**Provided material:**

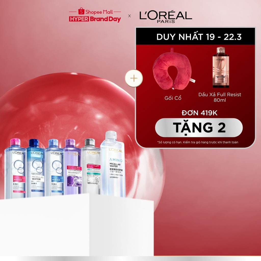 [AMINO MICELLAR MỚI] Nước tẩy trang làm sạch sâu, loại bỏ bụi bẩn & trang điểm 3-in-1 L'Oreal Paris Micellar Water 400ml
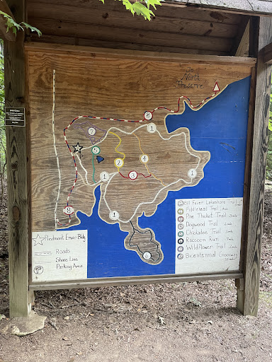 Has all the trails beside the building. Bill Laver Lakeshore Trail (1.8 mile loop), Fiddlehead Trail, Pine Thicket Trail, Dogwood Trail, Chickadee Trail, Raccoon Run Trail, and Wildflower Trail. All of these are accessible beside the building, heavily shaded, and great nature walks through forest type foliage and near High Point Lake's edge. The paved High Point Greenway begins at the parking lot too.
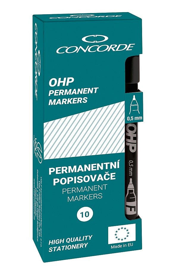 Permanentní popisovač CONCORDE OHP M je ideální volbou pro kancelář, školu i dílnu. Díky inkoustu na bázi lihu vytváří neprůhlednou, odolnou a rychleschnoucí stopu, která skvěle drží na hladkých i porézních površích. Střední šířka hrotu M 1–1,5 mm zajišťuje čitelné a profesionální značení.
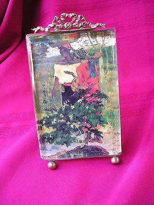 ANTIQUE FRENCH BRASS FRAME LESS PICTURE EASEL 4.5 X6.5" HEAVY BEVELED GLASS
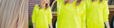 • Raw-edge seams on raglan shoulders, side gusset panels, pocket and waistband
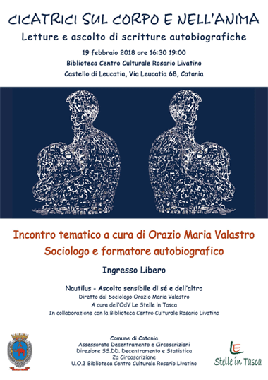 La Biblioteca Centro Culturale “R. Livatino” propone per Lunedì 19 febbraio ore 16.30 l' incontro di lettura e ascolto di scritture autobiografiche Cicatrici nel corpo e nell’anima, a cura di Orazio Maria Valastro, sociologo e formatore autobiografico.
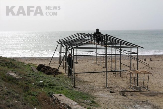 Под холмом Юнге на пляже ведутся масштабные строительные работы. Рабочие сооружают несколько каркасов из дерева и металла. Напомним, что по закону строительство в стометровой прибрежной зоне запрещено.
* * *
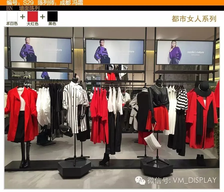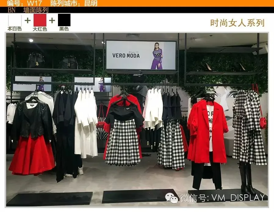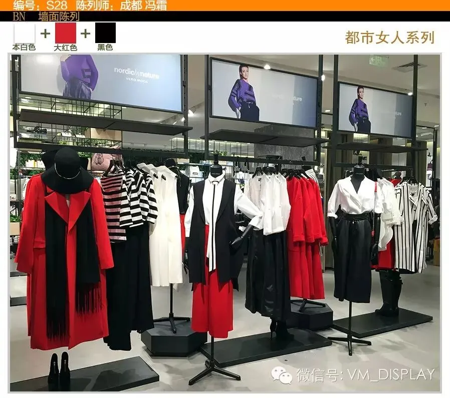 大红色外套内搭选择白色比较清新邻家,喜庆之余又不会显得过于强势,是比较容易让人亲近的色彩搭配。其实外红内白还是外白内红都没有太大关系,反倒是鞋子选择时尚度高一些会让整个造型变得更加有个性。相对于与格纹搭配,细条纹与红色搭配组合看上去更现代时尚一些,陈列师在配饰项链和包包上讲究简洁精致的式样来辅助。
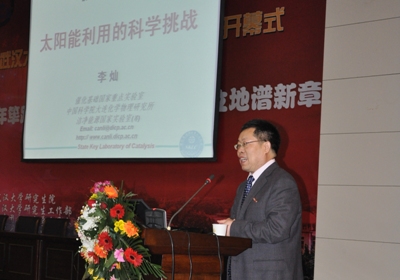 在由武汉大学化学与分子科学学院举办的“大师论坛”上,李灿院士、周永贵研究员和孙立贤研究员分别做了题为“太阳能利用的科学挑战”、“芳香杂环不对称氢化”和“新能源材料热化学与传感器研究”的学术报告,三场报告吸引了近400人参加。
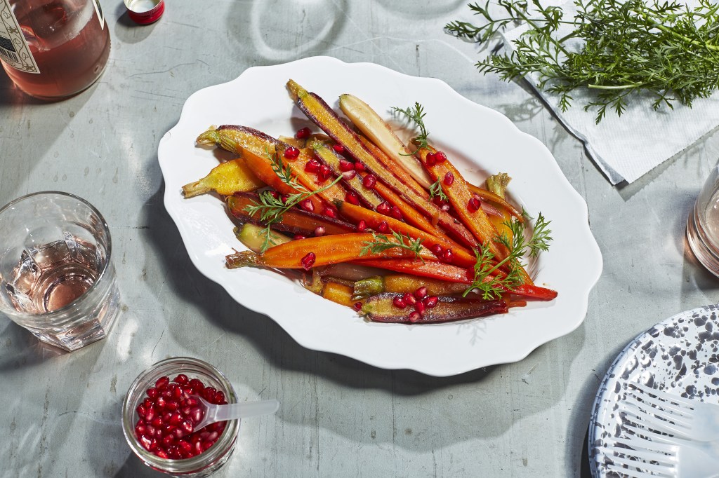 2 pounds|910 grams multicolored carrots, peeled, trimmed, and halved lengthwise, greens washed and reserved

**What to work on:** Everything above from the line containing "[AMINO MICELLAR MỚI]" down to the line containing "Под холмом Юнге" is to be duplicated exactly, both lines included, and the pictures are to be omitted.

**Solved problem:**
 [AMINO MICELLAR MỚI] Nước tẩy trang làm sạch sâu, loại bỏ bụi bẩn & trang điểm 3-in-1 L'Oreal Paris Micellar Water 400ml
 Has all the trails beside the building. Bill Laver Lakeshore Trail (1.8 mile loop), Fiddlehead Trail, Pine Thicket Trail, Dogwood Trail, Chickadee Trail, Raccoon Run Trail, and Wildflower Trail. All of these are accessible beside the building, heavily shaded, and great nature walks through forest type foliage and near High Point Lake's edge. The paved High Point Greenway begins at the parking lot too.
 Permanentní popisovač CONCORDE OHP M je ideální volbou pro kancelář, školu i dílnu. Díky inkoustu na bázi lihu vytváří neprůhlednou, odolnou a rychleschnoucí stopu, která skvěle drží na hladkých i porézních površích. Střední šířka hrotu M 1–1,5 mm zajišťuje čitelné a profesionální značení.
 ANTIQUE FRENCH BRASS FRAME LESS PICTURE EASEL 4.5 X6.5" HEAVY BEVELED GLASS
 • Raw-edge seams on raglan shoulders, side gusset panels, pocket and waistband
 La Biblioteca Centro Culturale “R. Livatino” propone per Lunedì 19 febbraio ore 16.30 l' incontro di lettura e ascolto di scritture autobiografiche Cicatrici nel corpo e nell’anima, a cura di Orazio Maria Valastro, sociologo e formatore autobiografico.
 Под холмом Юнге на пляже ведутся масштабные строительные работы. Рабочие сооружают несколько каркасов из дерева и металла. Напомним, что по закону строительство в стометровой прибрежной зоне запрещено.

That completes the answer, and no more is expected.